ACTIVITY: Retype, exactly and with nothing added, the lines from the one showing "Next up? Rebooking" through the final line of the material. Omit pictures.

THE DATA:
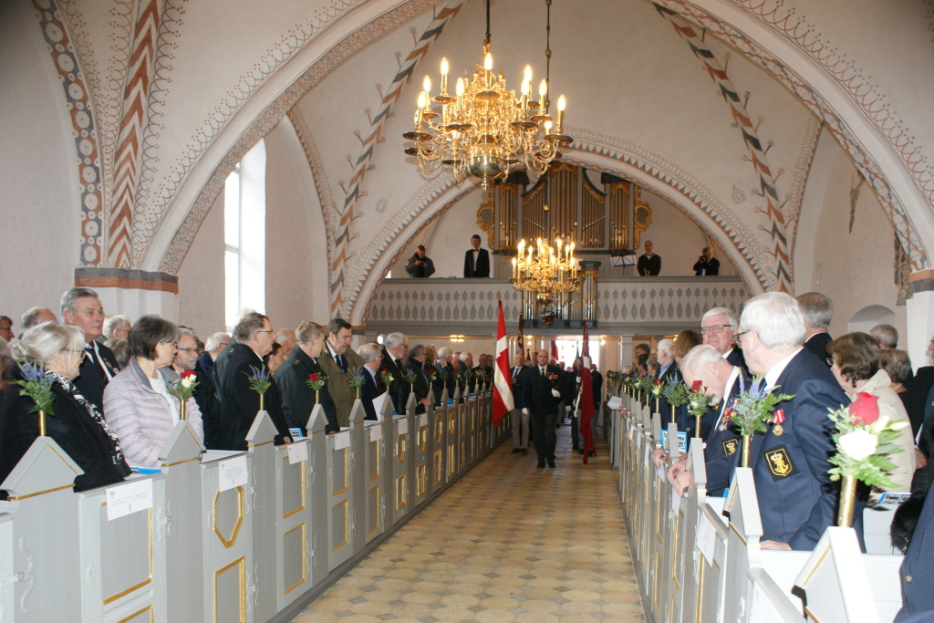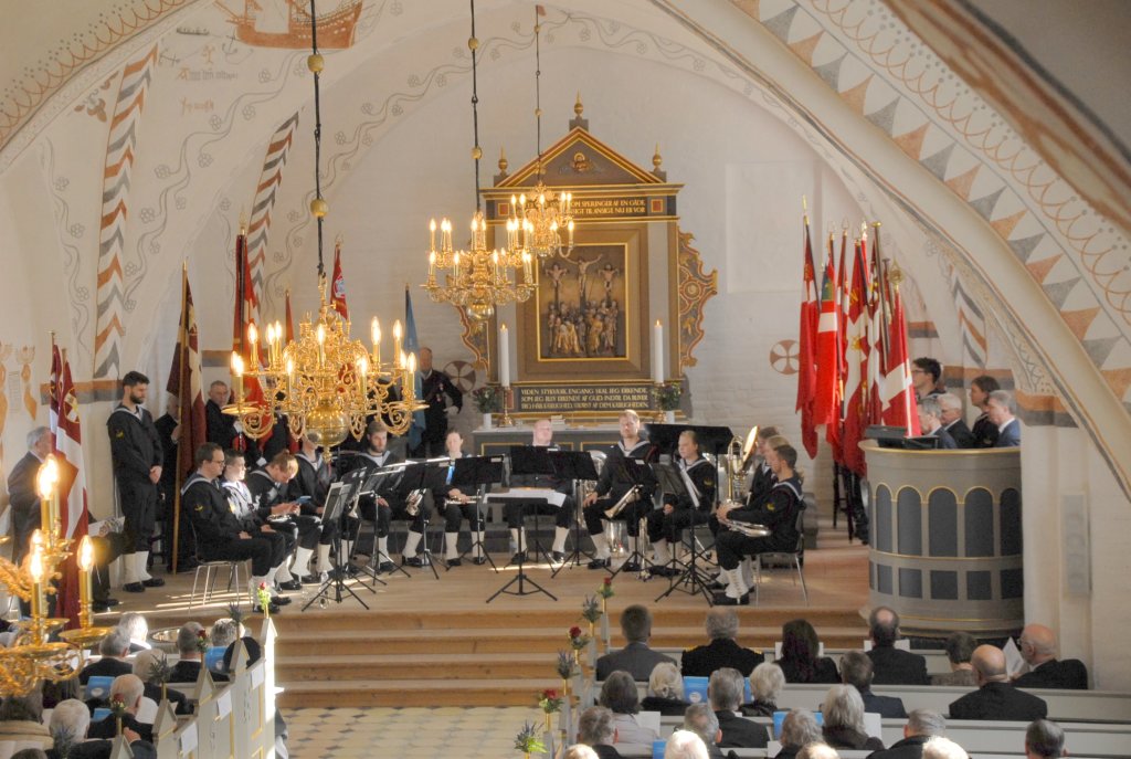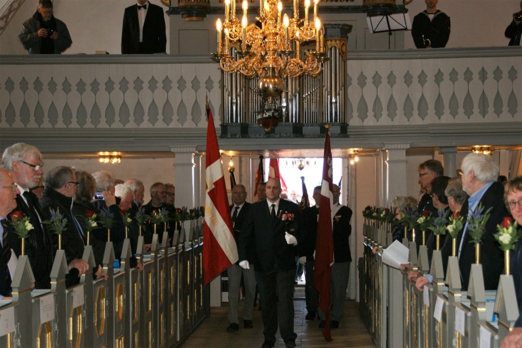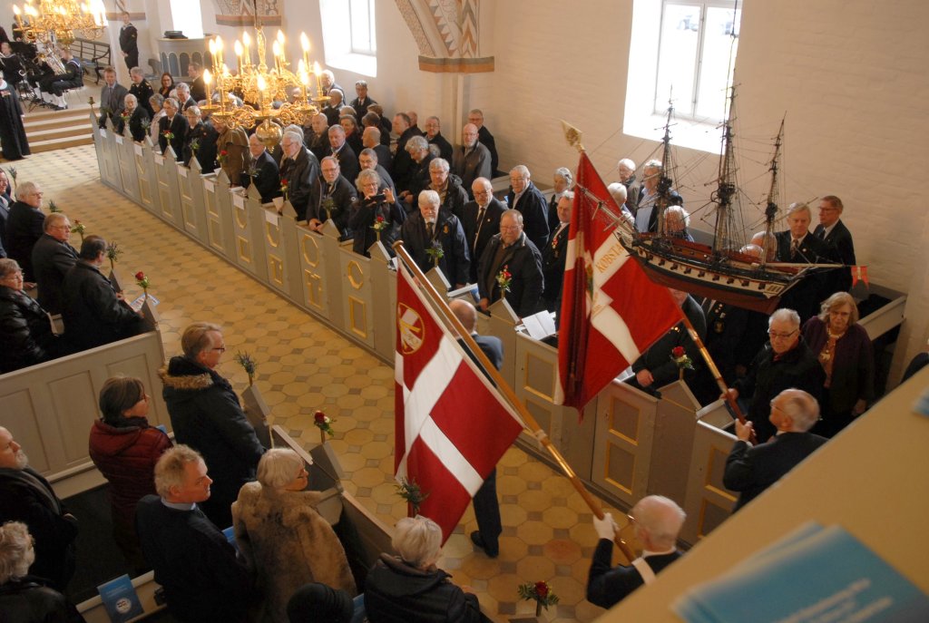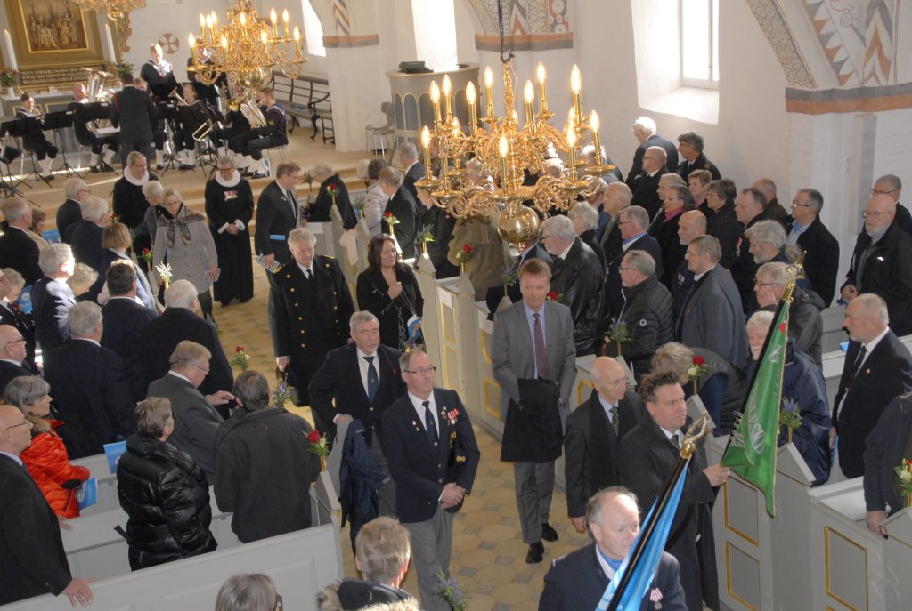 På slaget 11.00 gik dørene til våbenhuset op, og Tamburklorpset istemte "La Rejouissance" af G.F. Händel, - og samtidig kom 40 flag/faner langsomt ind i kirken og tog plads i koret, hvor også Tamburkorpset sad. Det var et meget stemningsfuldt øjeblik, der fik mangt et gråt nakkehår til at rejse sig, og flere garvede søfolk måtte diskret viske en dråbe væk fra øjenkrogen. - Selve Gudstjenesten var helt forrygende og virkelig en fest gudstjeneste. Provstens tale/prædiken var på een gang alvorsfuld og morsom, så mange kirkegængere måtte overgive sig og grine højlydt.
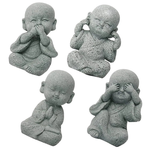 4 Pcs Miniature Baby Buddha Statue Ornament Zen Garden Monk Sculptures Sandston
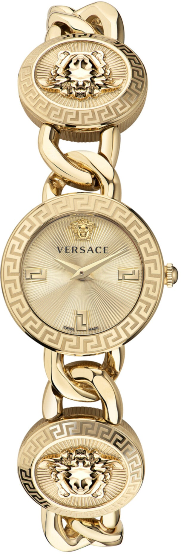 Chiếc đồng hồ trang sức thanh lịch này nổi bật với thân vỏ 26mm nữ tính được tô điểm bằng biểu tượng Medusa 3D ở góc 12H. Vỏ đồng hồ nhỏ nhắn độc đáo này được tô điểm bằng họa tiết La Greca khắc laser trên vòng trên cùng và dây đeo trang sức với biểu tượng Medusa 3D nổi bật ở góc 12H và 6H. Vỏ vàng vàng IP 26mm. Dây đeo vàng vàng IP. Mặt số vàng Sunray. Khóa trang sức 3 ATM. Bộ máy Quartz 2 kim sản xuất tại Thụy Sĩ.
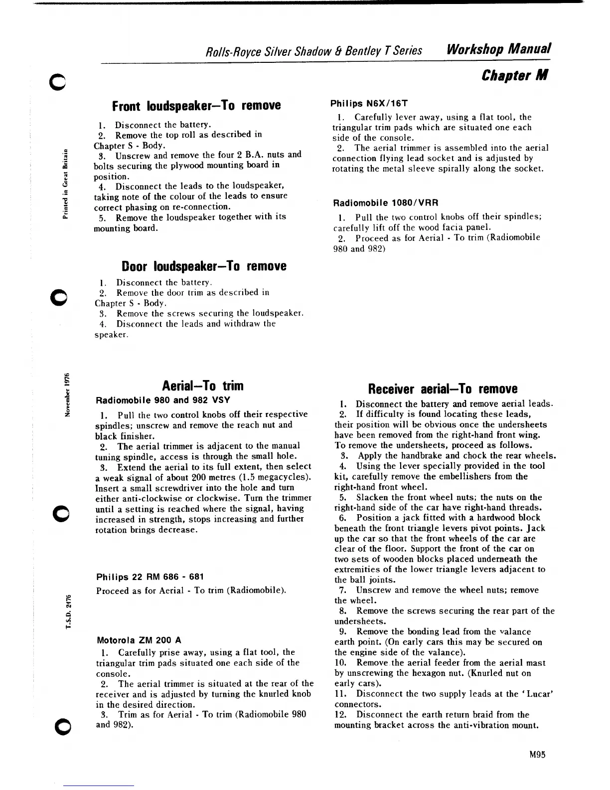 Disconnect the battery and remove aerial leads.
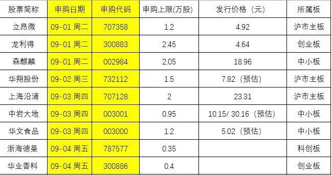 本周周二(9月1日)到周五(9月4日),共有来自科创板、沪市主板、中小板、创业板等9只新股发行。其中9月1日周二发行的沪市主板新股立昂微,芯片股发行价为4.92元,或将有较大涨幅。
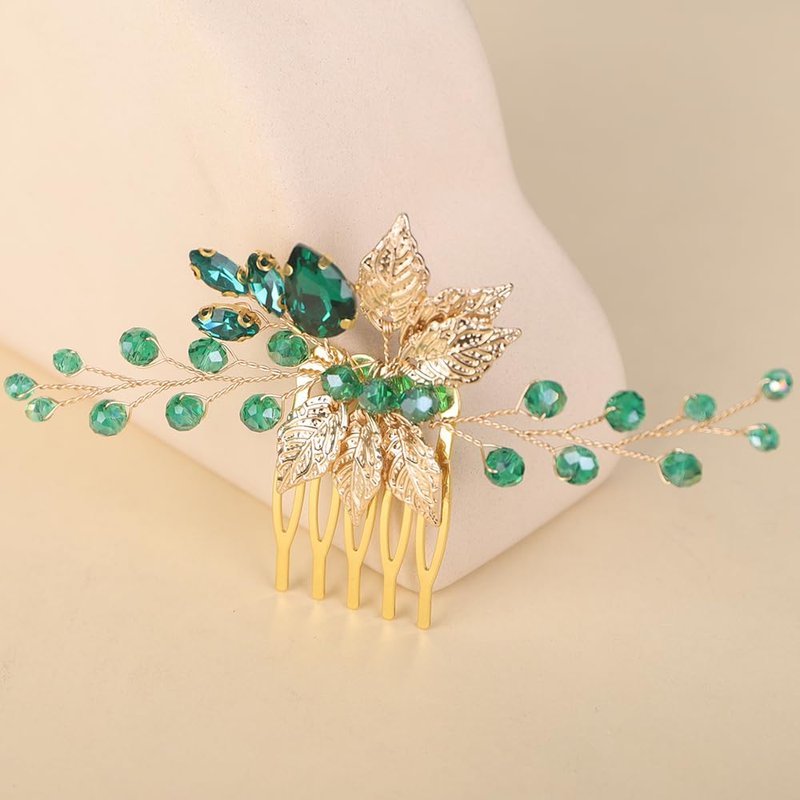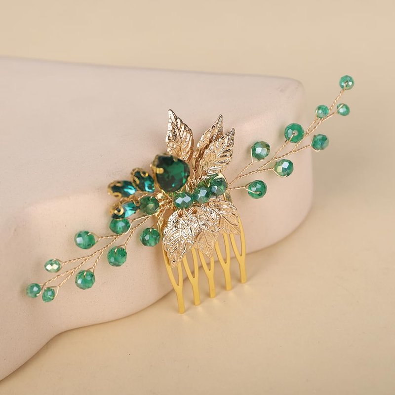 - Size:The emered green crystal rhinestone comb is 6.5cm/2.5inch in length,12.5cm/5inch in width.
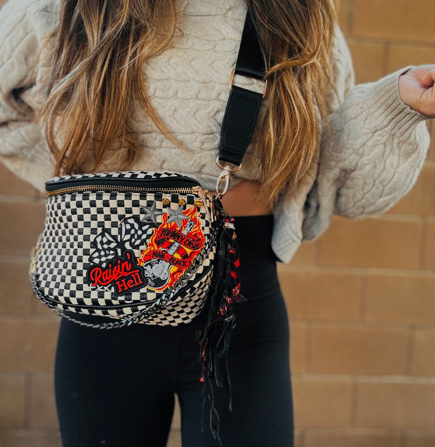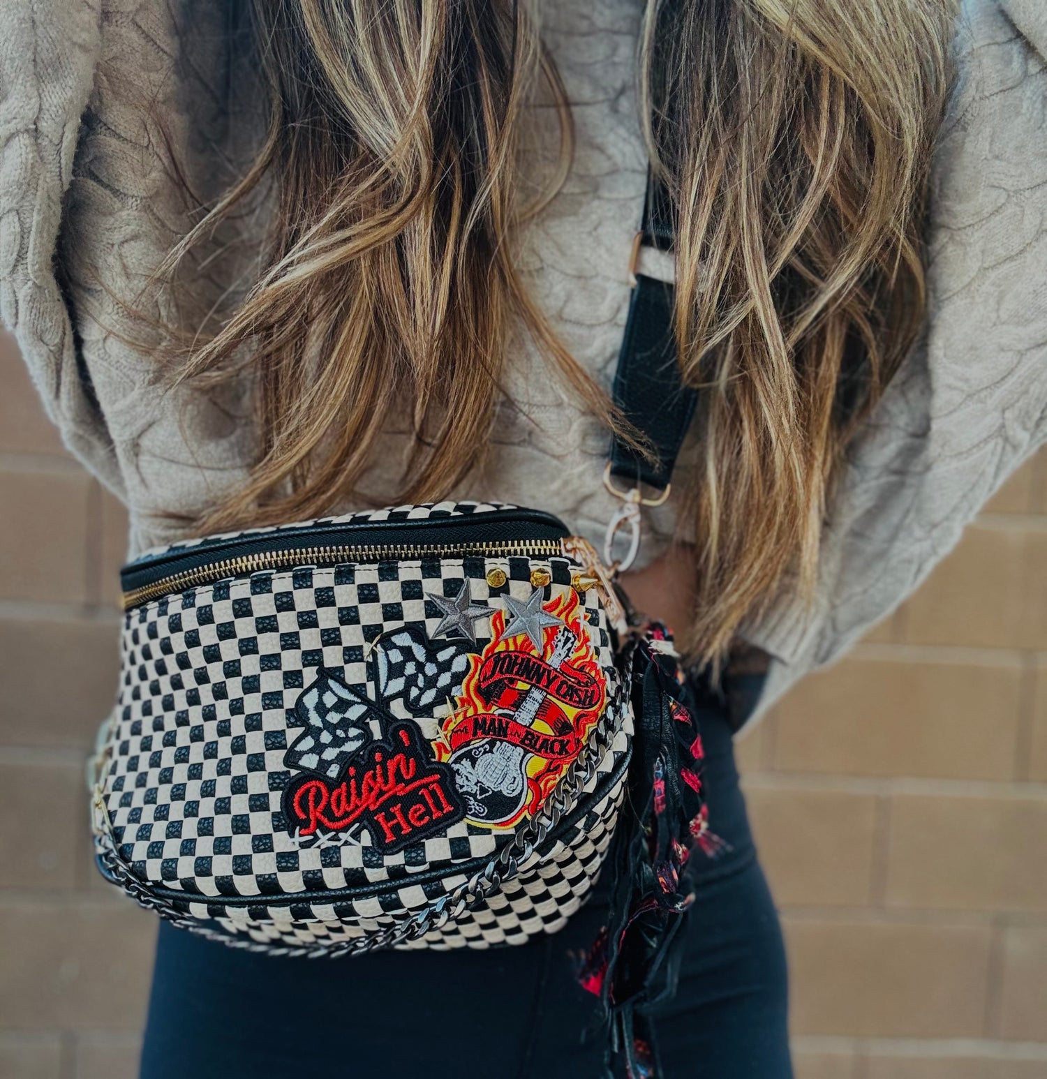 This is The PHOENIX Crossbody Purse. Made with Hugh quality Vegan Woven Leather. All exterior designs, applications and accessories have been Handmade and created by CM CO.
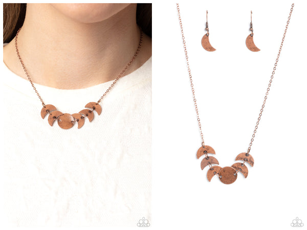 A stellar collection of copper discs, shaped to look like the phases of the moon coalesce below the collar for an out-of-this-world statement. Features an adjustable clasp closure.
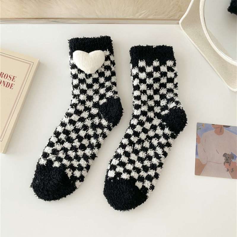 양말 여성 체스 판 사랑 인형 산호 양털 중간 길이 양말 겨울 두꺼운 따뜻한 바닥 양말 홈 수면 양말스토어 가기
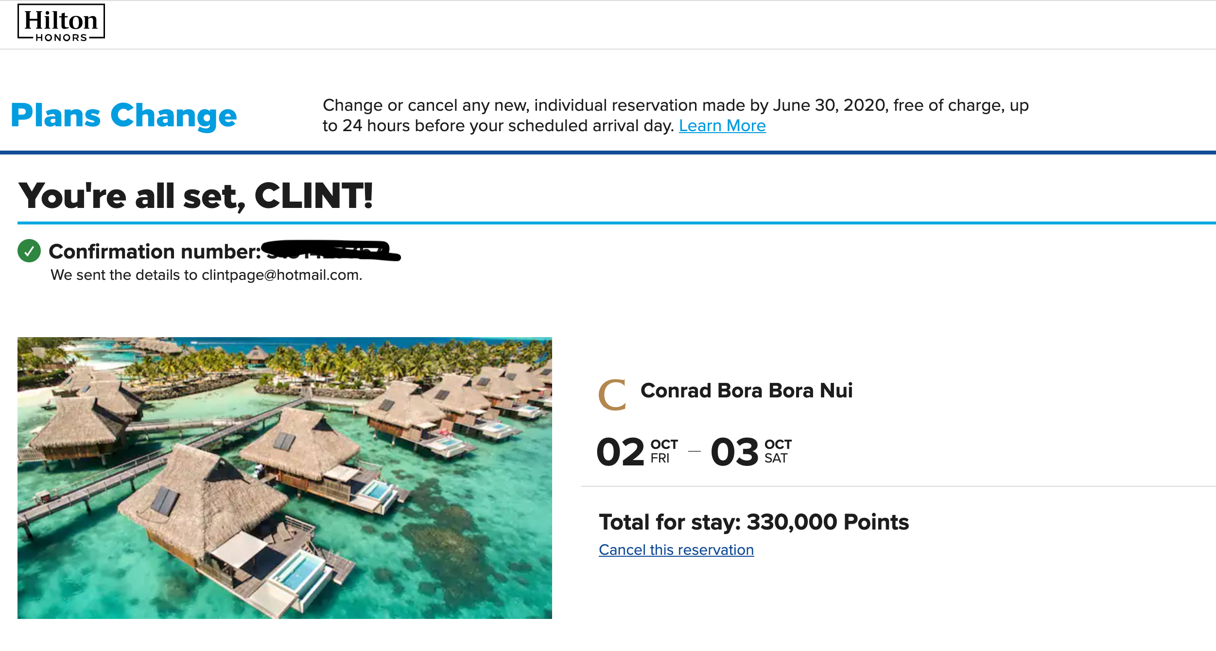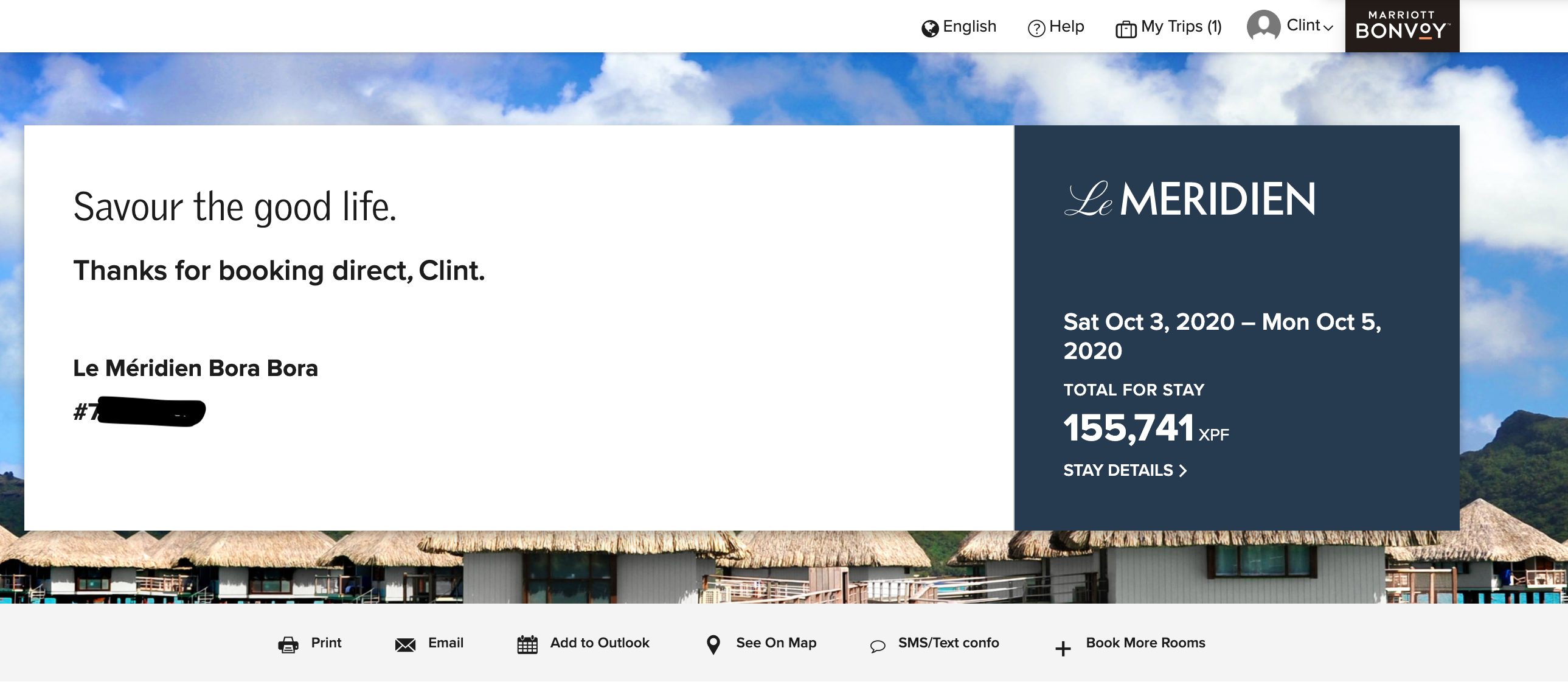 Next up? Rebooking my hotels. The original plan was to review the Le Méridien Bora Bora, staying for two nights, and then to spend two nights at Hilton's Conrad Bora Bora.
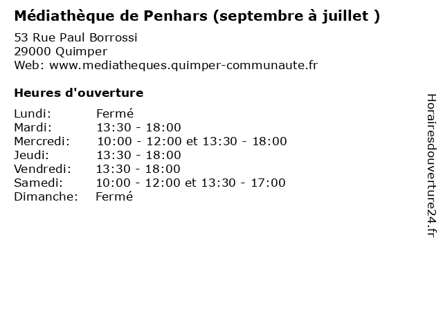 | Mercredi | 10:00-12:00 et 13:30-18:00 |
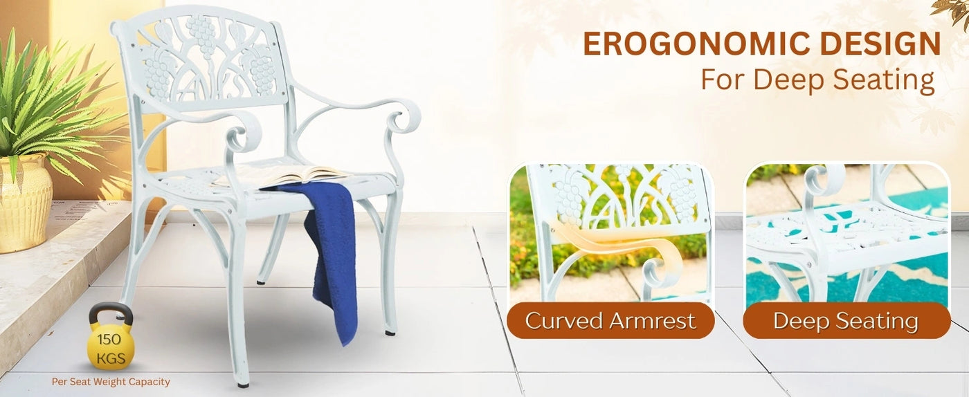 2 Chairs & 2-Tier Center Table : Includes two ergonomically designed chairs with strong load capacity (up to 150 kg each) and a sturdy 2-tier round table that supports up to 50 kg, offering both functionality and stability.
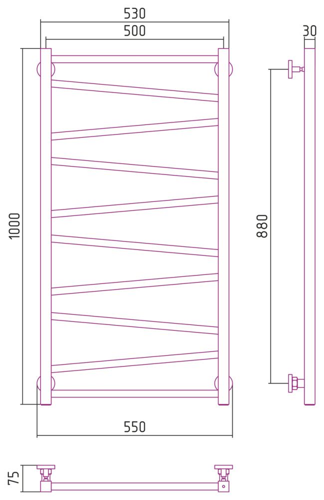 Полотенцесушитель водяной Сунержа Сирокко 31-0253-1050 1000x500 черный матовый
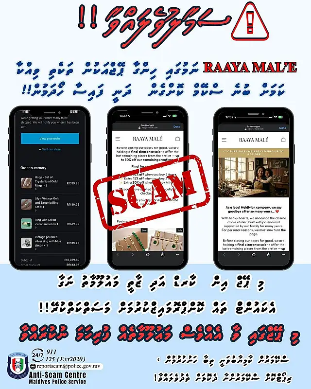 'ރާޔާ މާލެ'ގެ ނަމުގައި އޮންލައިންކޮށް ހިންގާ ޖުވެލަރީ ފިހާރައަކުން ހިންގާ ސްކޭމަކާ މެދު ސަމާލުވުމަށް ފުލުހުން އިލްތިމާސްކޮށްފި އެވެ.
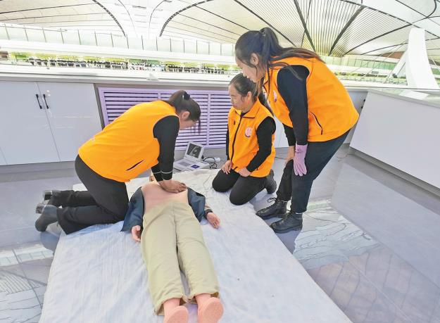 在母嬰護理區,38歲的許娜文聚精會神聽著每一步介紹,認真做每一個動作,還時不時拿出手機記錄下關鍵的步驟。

PROBLEM SOLUTION:
 Next up? Rebooking my hotels. The original plan was to review the Le Méridien Bora Bora, staying for two nights, and then to spend two nights at Hilton's Conrad Bora Bora.
 | Mercredi | 10:00-12:00 et 13:30-18:00 |
 2 Chairs & 2-Tier Center Table : Includes two ergonomically designed chairs with strong load capacity (up to 150 kg each) and a sturdy 2-tier round table that supports up to 50 kg, offering both functionality and stability.
 Полотенцесушитель водяной Сунержа Сирокко 31-0253-1050 1000x500 черный матовый
 'ރާޔާ މާލެ'ގެ ނަމުގައި އޮންލައިންކޮށް ހިންގާ ޖުވެލަރީ ފިހާރައަކުން ހިންގާ ސްކޭމަކާ މެދު ސަމާލުވުމަށް ފުލުހުން އިލްތިމާސްކޮށްފި އެވެ.
 在母嬰護理區,38歲的許娜文聚精會神聽著每一步介紹,認真做每一個動作,還時不時拿出手機記錄下關鍵的步驟。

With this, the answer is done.